Гайзли кивнул и снова занялся своей трубкой.
– Мне нужны все материалы по этому делу, – сказал Элдер. – Хочу еще раз все просмотреть.
– Не много же тебе надо…
– Я вот подумал, вдруг у тебя остались знакомые, кому можно позвонить и попросить…
– Знаешь, – сказал Гайзли, – когда ты тогда сюда заявился, да еще повел себя так нахально, ты многих восстановил против себя.
– Так одна девушка уже погибла, другая чуть не отправилась за ней вслед. Неподходящий момент для вежливости. Для соблюдения протокола.
– И все же. – И с видом человека, загнанного в угол, Гайзли тяжело вздохнул. – Ладно, дай мне время сделать пару звонков. Посмотрим, может, что и получится. Ничего заранее не обещаю, имей в виду!
Элдер кивнул. Он знал, что Гайзли, поворчав, сделает все, что в его силах.
– Спасибо, Дон.
– Это тебе обойдется по меньшей мере в пару пинт.
9
Шейн Доналд вышел из полицейского участка и остановился на нижней ступеньке лестницы, оглядываясь по сторонам. Неуверенно оглядываясь. Мощные колонны позади него больше подошли бы Букингемскому дворцу или другому столь же представительному зданию, а не захудалому участку в Хаддерсфилде. Купон на бесплатный проезд по-прежнему в кармане, тот самый, что ему выдали утром, когда он покинул тюрьму. Холщовый мешок на плече да две сумки в руках – вот и все его имущество.
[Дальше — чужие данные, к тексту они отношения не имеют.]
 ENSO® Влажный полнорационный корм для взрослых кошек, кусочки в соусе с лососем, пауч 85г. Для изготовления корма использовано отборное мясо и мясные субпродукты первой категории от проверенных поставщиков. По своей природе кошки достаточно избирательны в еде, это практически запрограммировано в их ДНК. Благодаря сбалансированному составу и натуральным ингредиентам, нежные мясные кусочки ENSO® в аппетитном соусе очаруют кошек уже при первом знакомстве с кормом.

Он поднабрал вес, пока сидел, чуть раздался; мышцы на руках и ногах теперь были более заметны. Стал сильнее, хотя с первого взгляда вроде бы и не скажешь. Ему это нравилось. Еще немного вытянулся – теперь пять футов и восемь, даже девять, дюймов. Волосы коротко острижены, на лице, как наждачная бумага, легкая щетина.
Он больше не мальчик.
Ему дали карту, нарисованную от руки, внизу – подробные инструкции, как найти общежитие. В крайнем случае всегда можно будет кого-нибудь спросить, решил он, но скорее всего делать этого он не станет. Держись сам по себе, избегай глядеть людям в глаза – одно из правил, что он выучил за решеткой. Просто будь сам по себе. Хотя вокруг полно людей… Держись сам по себе, но если это невозможно…
Он сошел с тротуара и пересек улицу.
Общежитие для условно-досрочно освобожденных оказалось огромным викторианским зданием, стоящим в глубине квартала, недалеко от широкой, в три полосы движения, улицы, поднимающейся от центра города. Несколько аналогичных зданий, расположенных поблизости, были явно превращены в гест- хаусы – небольшие отели.
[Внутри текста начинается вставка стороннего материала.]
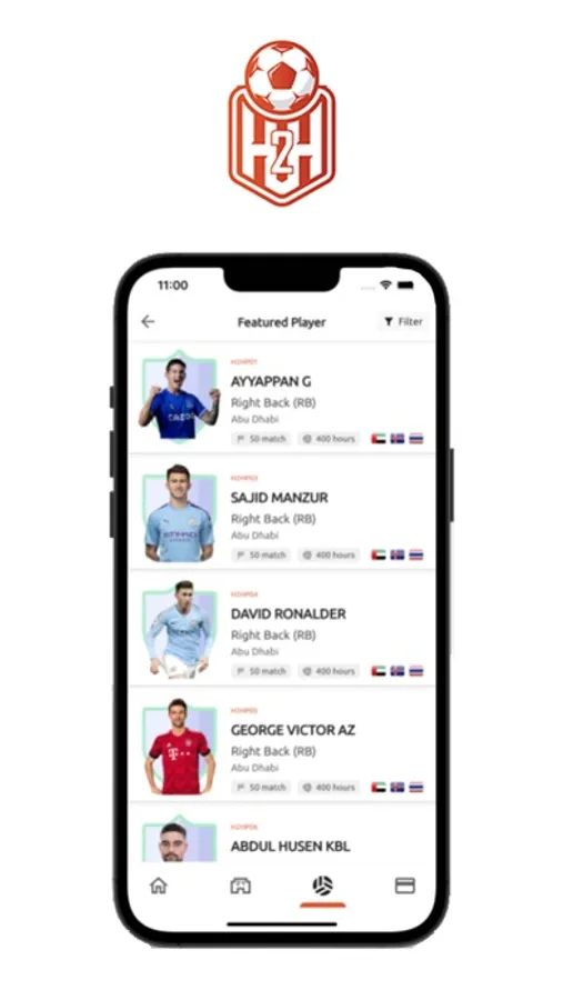 H2H is foodball game App. Players in local city can create a team. Team can recruit player for their team. User can get all latest news regarding football
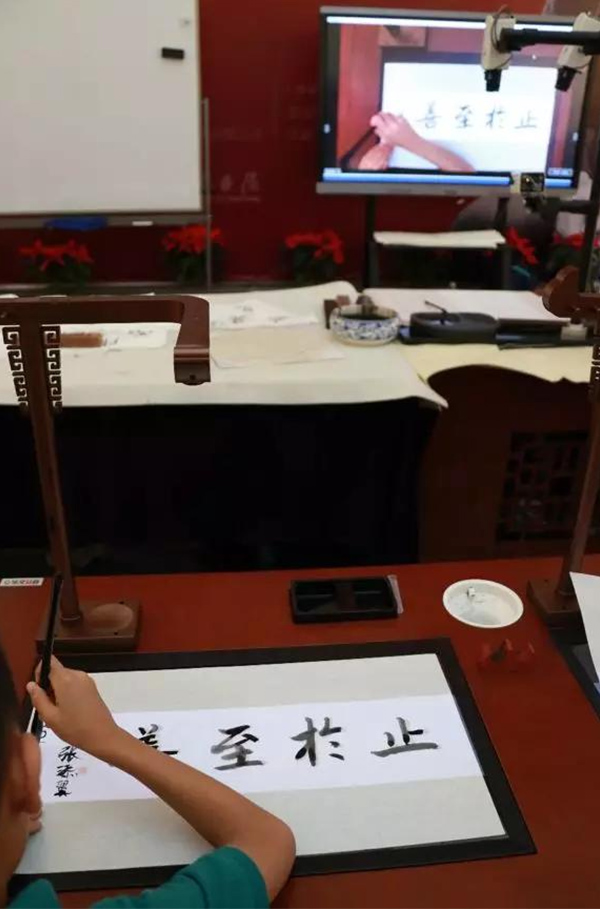 以傳統(tǒng)為基礎,華文眾合智慧書法教室秉承“傳統(tǒng)與科技融合,而不摒棄傳統(tǒng)”的理念,采用傳統(tǒng)的毛筆、墨汁和宣紙進行教和學,避免水寫、電子模擬等書寫體驗給學生造成不良影響。學生從最初學、練書法開始,從始至終都使用筆墨紙,養(yǎng)成一致的筆觸感,脫離平常練習的教室也能使用筆墨紙寫出漂亮的毛筆字。
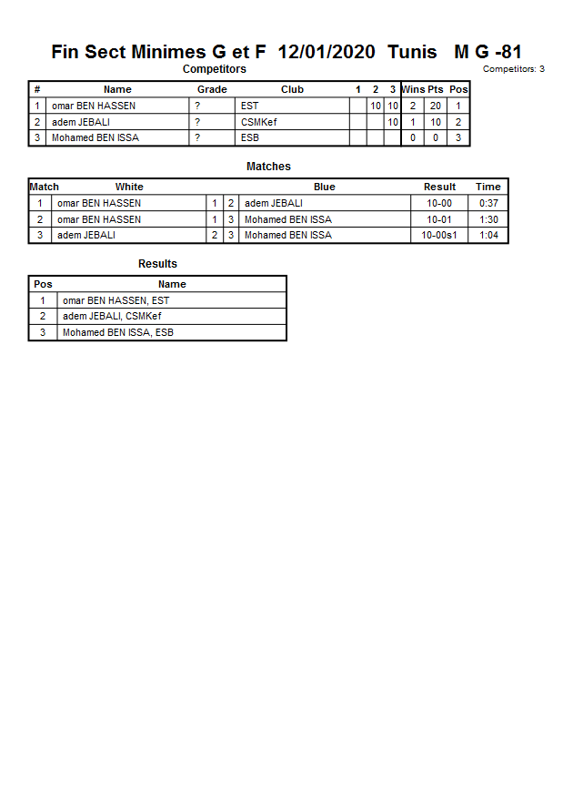 Fin Sect Minimes G et F 12/01/2020 Tunis
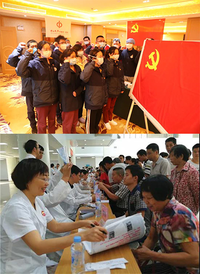 附属第一医院驰援武汉医疗队14名火线入党的新党员在武汉协和医院和汉口医院宣誓入党(上图)
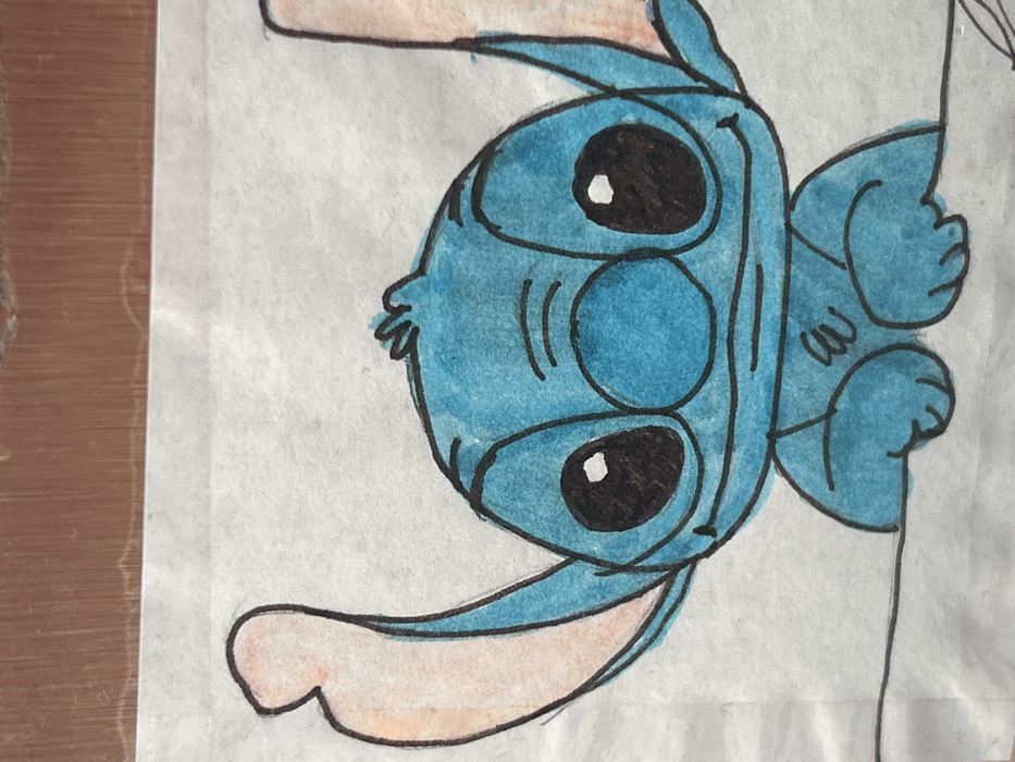The image displays a hand-drawn illustration of the Disney character Stitch, rendered with blue body coloration and light pink inner ears

Доналд несколько раз сверялся со своей картой, пока добирался сюда, вертя ее то так, то эдак, разворачивая, складывая и опять сворачивая; он и сейчас заглянул в нее, проверяя, тот ли это номер дома.
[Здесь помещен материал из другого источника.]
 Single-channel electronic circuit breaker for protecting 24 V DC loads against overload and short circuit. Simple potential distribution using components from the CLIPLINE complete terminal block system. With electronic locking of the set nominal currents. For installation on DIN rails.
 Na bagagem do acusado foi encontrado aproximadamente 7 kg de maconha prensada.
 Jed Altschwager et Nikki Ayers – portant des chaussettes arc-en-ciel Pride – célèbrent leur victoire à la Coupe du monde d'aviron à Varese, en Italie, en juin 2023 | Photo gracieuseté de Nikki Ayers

Когда он поднял глаза на дом, в одном из верхних окон мелькнул чей-то силуэт, и ему вдруг захотелось повернуться и убежать обратно – туда, откуда пришел, и даже еще дальше. Потеряться. Он ведь уже так делал.
Парадная дверь распахнулась, и на пороге возник человек – песочного цвета волосы, лет сорока, в расстегнутом сером кардигане поверх вылинявшей зеленой рубашки, в серых брюках и сандалиях.
– Шейн Доналд? Отлично. Прекрасно. – Он уже подходил ближе. – Въезжаешь к нам сегодня. Я так и думал, что ты где-то в это время появишься. Правда, нынче никогда нельзя знать с уверенностью – поезда ходят отвратно.
Он протянул руку:
– Питер Гриббенс. Заместитель управляющего. Я буду твоим воспитателем.
Его дыхание отдавало мятой, а глаза были синие и блестящие.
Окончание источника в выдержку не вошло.